_EXERCISE_:
Print the line containing "卢昱晓今日机场路透,小香风穿搭好好看啊,淡妆超水嫩的,好美!" and all lines after it to the end of the records below, exactly as written. No pictures.

Data extracted from a collection:

*** Begin section ***

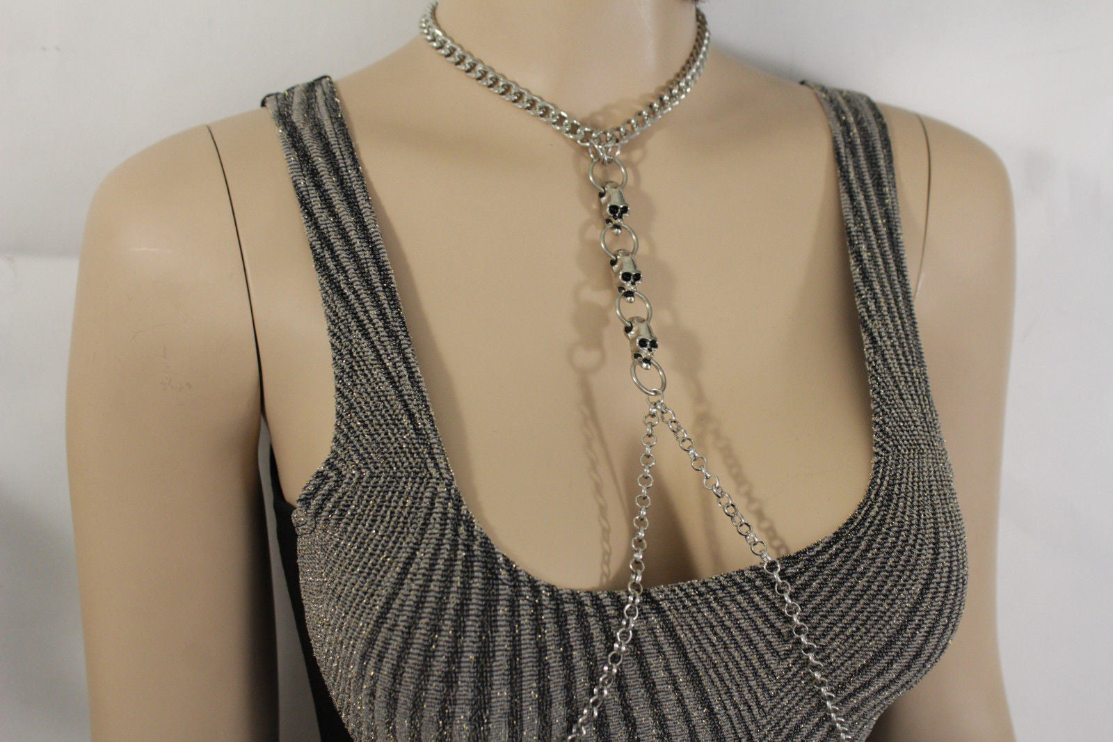 Silver Metal Body Chain Harness Necklace Skeleton Skulls
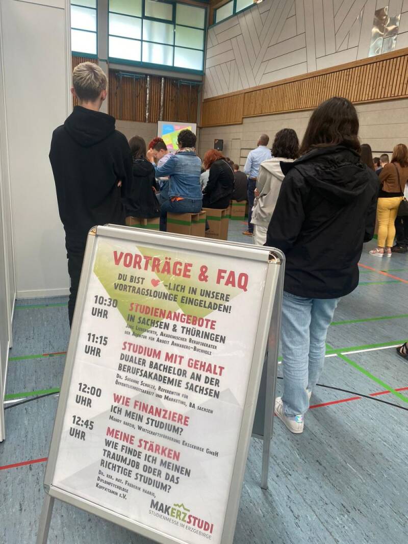 Sowohl in der Goldnen Sonne (Thema: emotionale und Verhaltensauffälligkeiten bei Menschen mit geistigen Handicaps) sowie in der VHS Annaberg-Buchholz (Thema: Crystal-Meth-Konsum im Erzgebirge, siehe anderer Beitrag) war ich positiv überrascht, ob der erfreulichen Resonanz. Und schlussendlich durfte ich zum Samstag der Studienmesse der Wirtschaftsförderung Erzgebirge sowie der Arbeitsagentur Erzgebirge beiwohnen und einen Beitrag zum Thema Berufs- und Studienbildung leisten. Letzteres hatte mir sehr große Freude bereitet und gleichzeitig meine Gedankenmaschine angeworfen, sich stärker im Bereich der schulischen Berufsbildung zu engagieren, um Schülerinnen und Schülern im Hinblick auf ihre Bildungs- und schulischen Perspektiven zu fördern und zu unterstützen. Teilweise wird das bereits vom Verein Kopfvitamin übernommen, allerdings ist dieser Weg sicherlich noch ausbaufähig. Eine gute Verzahnung von eignungsbezogenen Einschätzung sowie praktischen Erfahrungen könnte dabei lebenskompetenzorientiert einen zuverlässigeren Blick ermöglichen, welcher Beruf zu eigenen Ansprüchen, Bedürfnissen und Orientierungen passen könnte.
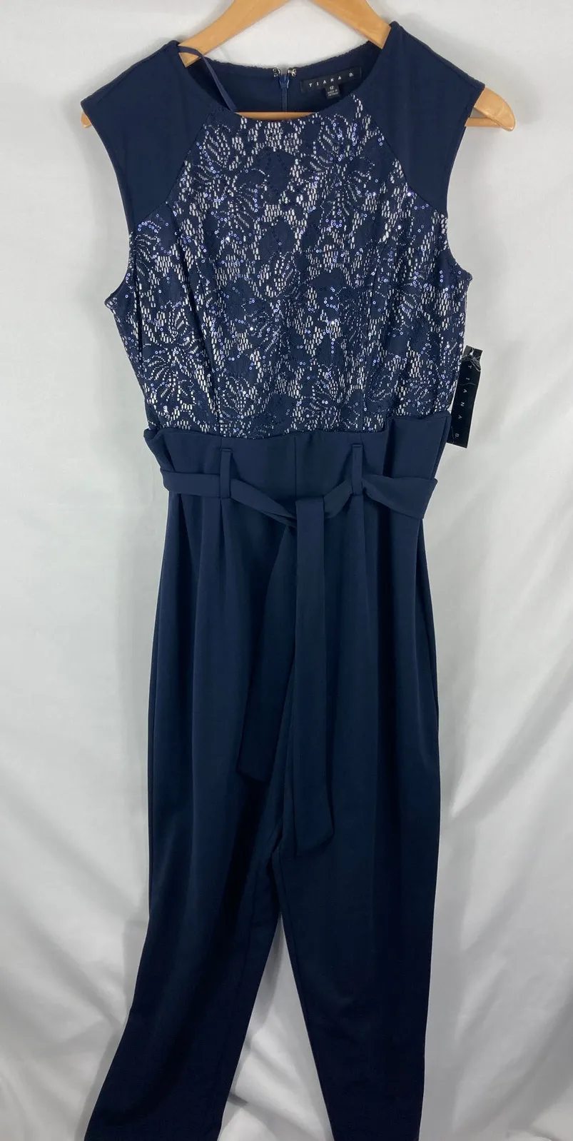 This is a New With Tags Tiana B sparkle top blue sleeveless jumpsuit with tie waist in size 12. The jumpsuit is perfect for a night out or a special occasion. The sparkle top adds a touch of glamour, while the tie waist creates a flattering silhouette. Features: - Brand: Tiana B - Color: Blue - Sleeves: Sleeveless - Size: 12 - Condition: New with tags This jumpsuit is a must-have for any fashion-savvy woman. It is sure to turn heads wherever you go!
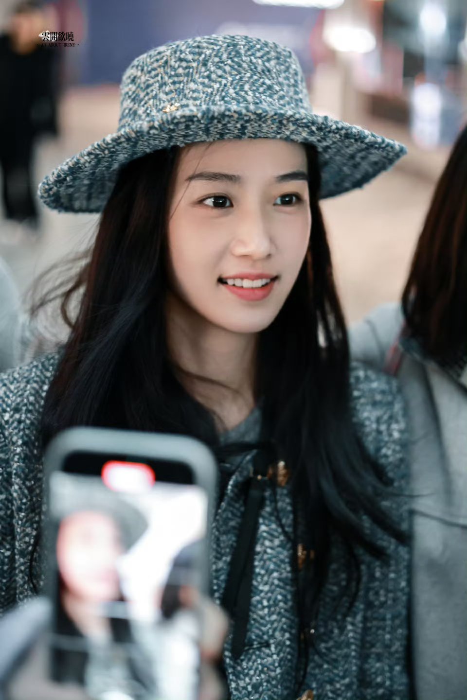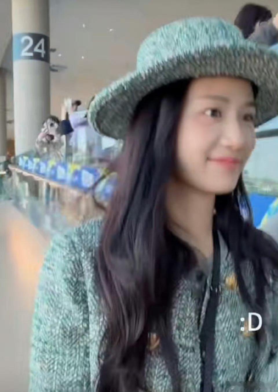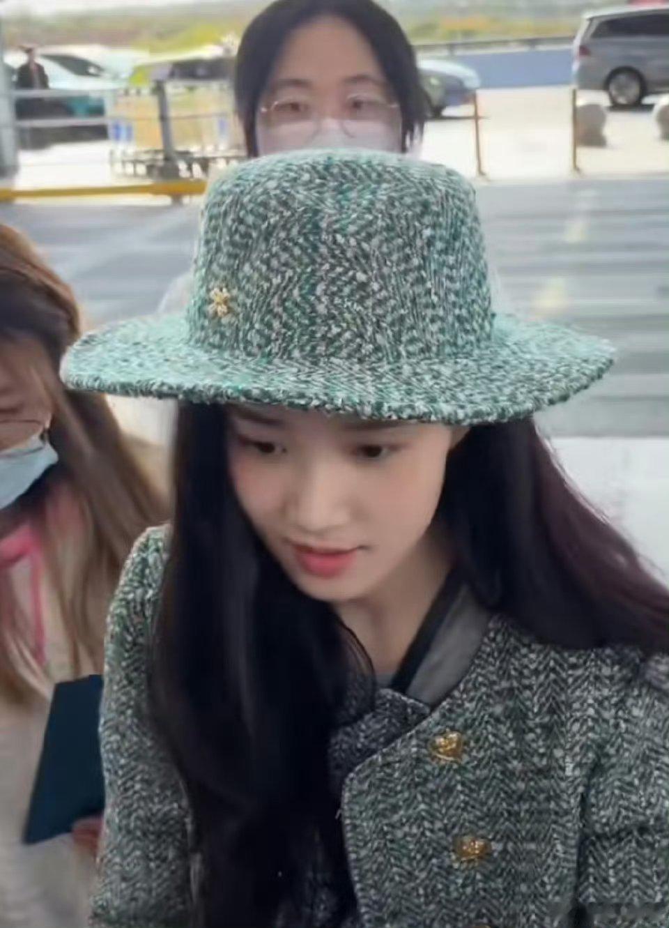 卢昱晓今日机场路透,小香风穿搭好好看啊,淡妆超水嫩的,好美!
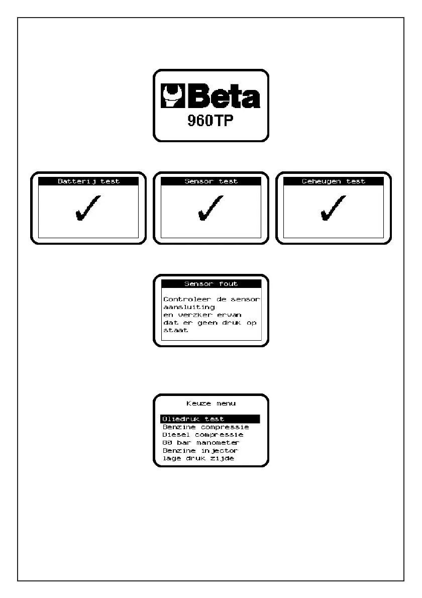 Als de “starttest” succesvol is afgelegd, wordt een menu weergegeven. Het is mogelijk een optie te
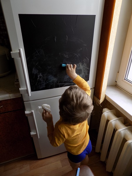 Теперь и мы рисуем в кухне на холодильнике. )) Единственное но, приклеить без пузырей у меня не вышло, а при отклеивании полотно начинает растягиваться. Да и бог с ним в общем-то, главное сын доволен. Мелки немного царают поверхность, но это не страшно.
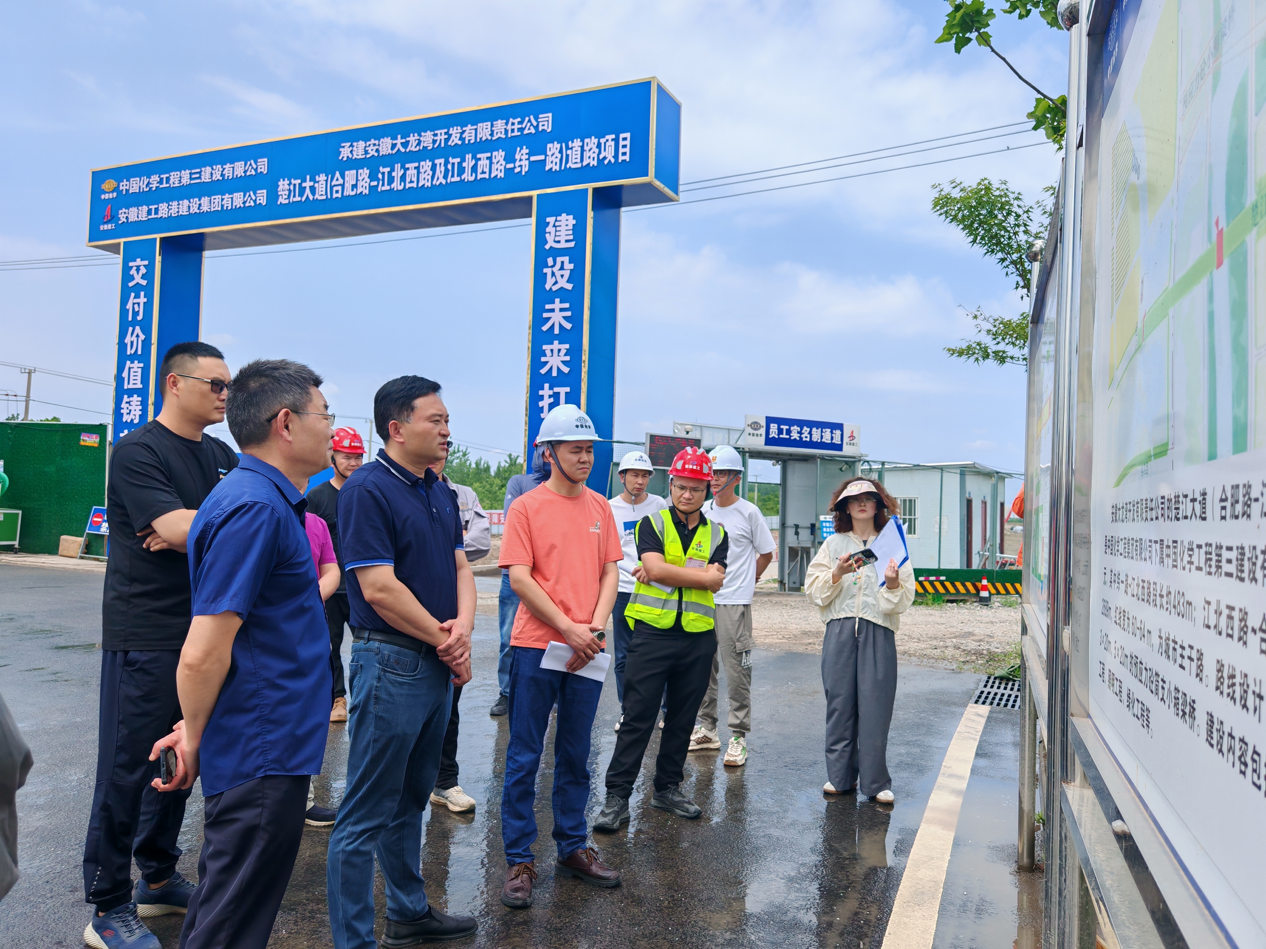 近日,皖江江北新興產業集中區黨工委委員、管委會副主任王宏偉一行赴建工路港公司承建的楚江大道項目一期、二期標段開展實地調研。
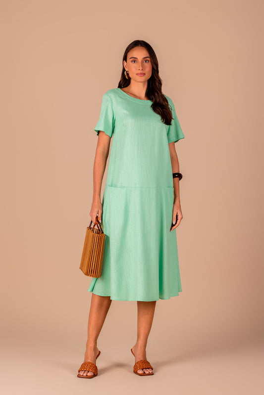 vestido viscose midi com recorte e bolsos
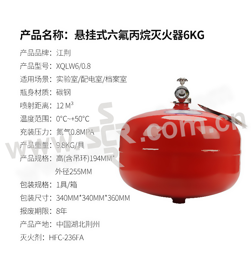 JIANGJING/江荆 悬挂六氟丙烷灭火器 XQLW6/0.8 灭火剂含量6kg 1个
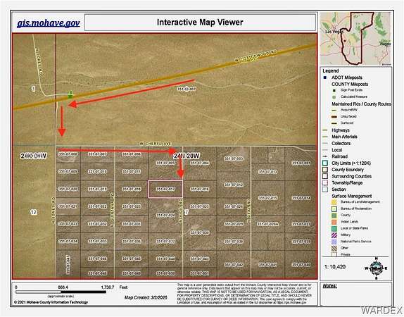 Highway 93 to Cottonwood Cove Rd, turn west toward Cottonwood Cove. Go approximately 8 miles to N Jones Rd and turn left. First left to Cheryl, second right to Vigil Rd (unmarked). Property is the second parcel on the left at sign.

*** End section ***

_RESULT FOR THIS EXERCISE_:
 卢昱晓今日机场路透,小香风穿搭好好看啊,淡妆超水嫩的,好美!
 Als de “starttest” succesvol is afgelegd, wordt een menu weergegeven. Het is mogelijk een optie te
 Теперь и мы рисуем в кухне на холодильнике. )) Единственное но, приклеить без пузырей у меня не вышло, а при отклеивании полотно начинает растягиваться. Да и бог с ним в общем-то, главное сын доволен. Мелки немного царают поверхность, но это не страшно.
 近日,皖江江北新興產業集中區黨工委委員、管委會副主任王宏偉一行赴建工路港公司承建的楚江大道項目一期、二期標段開展實地調研。
 vestido viscose midi com recorte e bolsos
 JIANGJING/江荆 悬挂六氟丙烷灭火器 XQLW6/0.8 灭火剂含量6kg 1个
 Highway 93 to Cottonwood Cove Rd, turn west toward Cottonwood Cove. Go approximately 8 miles to N Jones Rd and turn left. First left to Cheryl, second right to Vigil Rd (unmarked). Property is the second parcel on the left at sign.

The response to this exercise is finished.